What we owe gig workers
Labor advocates and allies in Albany are feuding over a draft bill that aims to grant some union rights to precarious workers who toil at irregular hours and less regular wages for app-based “gig” employers like Uber and Lyft. This family feud is all the more frustrating because there’s a perfectly reasonable New Deal-era state law still on the books for when workers slip through the cracks of a patchwork of worker protections and fissured workplaces.
The current bill purports to do the same by creating a system of “sectoral bargaining” for gig workers, while severely restricting the number issues they can bargain over, outlawing their ability to strike and robbing them of their unemployment insurance by replacing their statutory protections as workers with an opportunity to collude as a guild of “entrepreneurs.”
Everywhere from the House-passed PRO Act, which would amend the National Labor Relations Act (NLRA) to make the process for forming a union fairer and available to misclassified freelancers, to the California legislature’s attempts to plug the holes in the current NLRA by properly classifying gig workers as statutory employees with rights, the app bosses try to codify a third class of worker lacking both the agency to set their own price and hours of labor like a traditional independent contractor and the ability to form democratic unions of their own choosing to bargain — and, potentially, strike — over the working conditions that the app bosses dictate.
What’s crazy is that, unlike the newly passed California law that Uber circumvented through a massively expensive — and deceptive — ballot initiative, New York has had, this whole time, a functioning state agency that will protect the right to organize and certify a union for any private-sector workers that federal labor law leaves behind. Because the Supreme Court had a track record of overturning any protective legislation for workers when New York Sen. Robert Wagner drafted the NLRA, he decided to justify the law’s constitutionality in Congress’ power to regulate interstate commerce. In 1935, that was defined far more narrowly than today.

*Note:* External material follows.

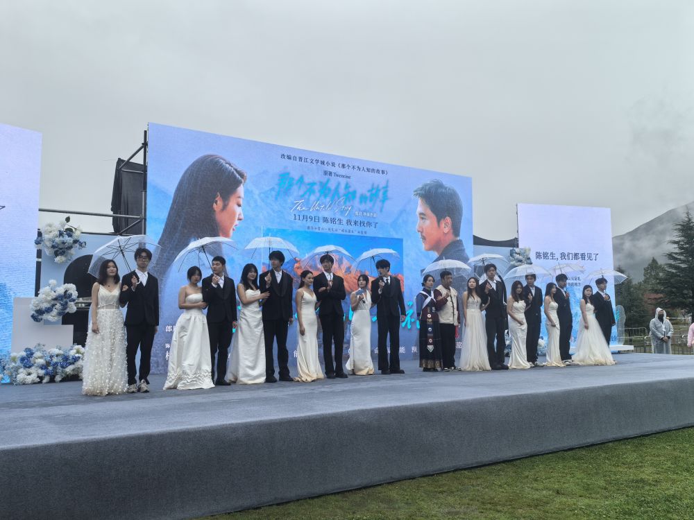 11月7日,电影《那个不为人知的故事》首映式暨玉龙雪山见证礼在东巴谷景区举行,主创团队与一百余名观众一起,在玉龙雪山脚下重温这个经典爱情故事。

For example, a hotel standing entirely within a state’s borders did not count. Therefore, New York passed a so-called “baby Wagner Act” that created a similar regulatory framework for private-sector workers left out of the New Deal. Most of the first 20,000 workers that the Hotel Trades Council won the right to bargain on behalf of in the 1930s and 40s were organized through elections — and card check certifications — conducted by the NY State Labor Relations Board. Stuck with the bizarre constitutional framework of arguing that human rights are rooted in protest activity’s impact on the economy, the civil rights movement expanded NLRB jurisdiction to retail, hospitality and service industries. By the mid-1960s, unions stopped turning to the state Labor Relations Board and in 2010 its responsibilities were assumed by the Public Employment Relations Board. Most people that know of PERB think of it as the state agency that punishes public sector teachers and subway workers for going on strike, but it actually can be an engine for private-sector worker organizing.
Legislative progressives, or a governor willing to exercise some leadership, could settle the gig worker controversy by directing PERB to aggressively protect and encourage the right to organize for all private-sector workers under their jurisdiction. And as the Biden administration wrests control of the NLRB from Trump’s anti-union appointees, we could have two labor boards competing for who offers workers a better deal.
This was the dynamic when I directed the American Federation of Teachers’ charter school organizing division during the Obama years. In blue states like New York and Illinois, we got public-sector labor laws that gave the workers a right to organize through card check. When the NLRB staked a claim to the jurisdiction, the federal agency touted its more robust right to strike. It was a compelling argument.
We live in a time when billion-dollar companies will spend millions of dollars and thousands of hours to resist their workers’ attempts to win a couple more bucks an hour. As a campaign director, I struggled with the impulse to strike a deal when a powerful boss signaled a desire to negotiate. And Uber like so many of the gig economy digital platforms — hemorrhaging investors’ dollars, struggling to maintain a workforce with pitiful wages, breaking all kinds of laws — are under enormous pressure to make peace with anyone who will take a settlement. With deep respect and solidarity to the organizers and legislators who are working with Uber on this deeply flawed bill, a better deal is possible if you start from the position that the actually existing labor laws should apply to these digital scofflaws.